5.4 Distributions. Subject to any restrictions under applicable law, the Company
shall distribute not less frequently than annually all Distributable Cash
attributable to a Designated Picture to the Designating Member with respect to
such Designated Picture. Distributions of Distributable Cash, if any, not
attributable to a Designated Picture shall be made not less frequently than
annually to the Members in accordance with their respective Percentage
Interests.
5.5 Form of Distribution. Except as provided for in Section 9.3, a Member has no
right to demand or receive any distribution from the Company in any form other
than money. Likewise, except in the event of the Company's dissolution and as
provided for in Section 9.3, no Member may be compelled to accept from the
Company a distribution of any asset in kind.
ARTICLE VI
MANAGEMENT
6.1 Management by the Manager. Except for matters as to which this Agreement
specifically reserves to the Members the authority to act, or to grant or
withhold their consent or approval of an action, Seven Hills or its designee
(the "Manager") shall have full, complete, and exclusive authority to manage and
control the business, property, and affairs of the Company and to make all
decisions regarding the same except that, as to any collection, infringement or
other action initiated by or against a third party regarding a Designated
Picture ("Lawsuit"), the Designating Member with respect thereto shall control
the prosecution and/or defense thereof, . Without limiting the generality of
foregoing, but subject to the immediately preceding sentence, Section 6.2 and to
the express limitations set forth elsewhere in this Agreement, the Manager shall
have all power and authority necessary or appropriate to manage and carry out
the purpose, business, property, and affairs of the Company.
12
6.2 Limitations on Manager's Rights and Powers. Notwithstanding any other
provision of this Agreement, the Manager shall have no authority under this
Agreement to cause the Company to undertake or engage in any of the following
transactions without first obtaining the approval of the Members:
(a) a change in the amount or character of a Member's Capital
Contribution;
(b) the establishment of different classes of Members;
(c) any action that would make it impossible to carry on the Business;
(d) any action contrary or outside the scope of the Business;
(e) the sale of all or substantially all of the Company's assets in a
single transaction or a series of related transactions;
(f) the merger or consolidation of the Company with one or more other
entities;
(g) the voluntary liquidation or dissolution of the Company;
(h) incurring any indebtedness for borrowed money in the name of or on
the credit of the Company;
(i) filing any lawsuits on behalf of the Company (other than any
Lawsuit described in Section 6.1 above);
(j) any amendment of this Section 6.2; or
(k) any other transaction specifically described in this Agreement as
requiring the vote, consent or approval of the Members.

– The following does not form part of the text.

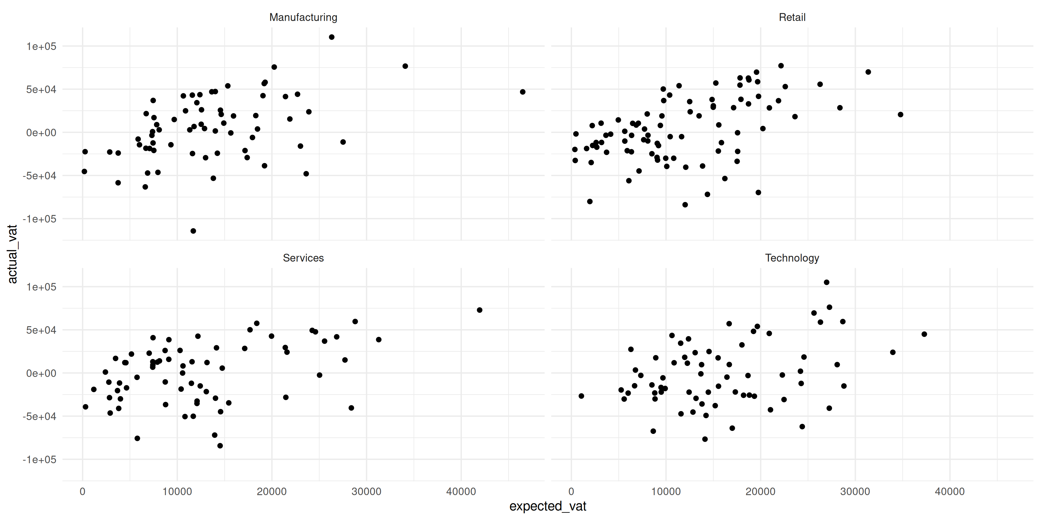 taxable_income vs actual_vatgeom_point()facet_wrap(~ industry)geom_smooth(method = "lm")Always include:

6.3 Compensation of Manager. The Manager shall not be entitled to any
compensation or remuneration for acting in the Company's business; provided,
however, that the Company shall reimburse the Manager for its actual expenses in
performance of services on behalf of the Company in a manner consistent with the
Manager's actual authority under this Agreement, upon presentation of customary
vouchers therefor.
6.4 Resignation and Filling of Vacancy of Manager; Filling of Vacancy. The
Manager may resign at any time by giving written notice to the Members. Any
resignation shall take effect at the date of the receipt of that notice or at
any later time specified in that notice, and, unless otherwise specified in that
notice, the acceptance of the resignation shall not be necessary to make it
effective. In the event of a vacancy in the office of Manager, whether by
resignation of the Manager or otherwise, such vacancy shall be filled by a
designee of Seven Hills.
6.5 Officers. The Manager in its discretion may from time to time designate one
or more individuals, including, without limitation, any Member or an affiliate
of a Member, to be officers of the Company with such titles as the Manager may
assign to such individuals. All officers shall serve without compensation by the
Company and at the pleasure of the Manager. Any individual may hold any number
of offices. No officer need be a citizen of the United States. The officers
shall exercise such powers and perform such duties of the Manager hereunder,
subject to the restrictions and limitations of this Agreement, as shall be
delegated from time to time by the Manager. Any officer may be removed, either
with or without cause, by the Manager at any time, and the designation of any
individual as an officer of the Company shall not of itself create any right or
contract of employment. Any officer may resign at any time by giving written
notice to the Company.
13
6.6 Nature of Relationship. During the existence of the Company, the Members,
the Manager, and officers of the Company shall devote only such time and effort
to the Company business and operations as is reasonably required; however, it is
specifically understood and agreed that no Member, Manager or officer shall be
required to devote full time to the Company's business, and the Members,
Managers and officers of the Company at any time and from time to time may
engage in and possess interests in other business ventures of any and every type
and description, independently or with others. The Members, Managers and
officers of the Company shall not be liable for errors in judgment in the
management of the Company's affairs or the conduct of its business, including
for their negligence or partial negligence, unless constituting fraud, gross
negligence or breach of the provisions hereof.
ARTICLE VII
TAX MATTERS
7.1 Tax Returns. The Manager shall be the "Tax Matters Partner" (as defined in
Code Section 6231). The Manager, at the Company's expense, shall cause to be
prepared and filed all necessary federal, state, and local income tax returns
for the Company.
7.2 Tax Elections. The Manager shall cause the Company to make the following
elections on the appropriate tax returns:
7.2.1 to adopt the calendar year as the Company's fiscal year;
7.2.2 to adopt an appropriate method of accounting and to keep the
Company's books and records on that method; and
7.2.3 any other election the Manager may deem appropriate and in the
best interests of the Company and both Members.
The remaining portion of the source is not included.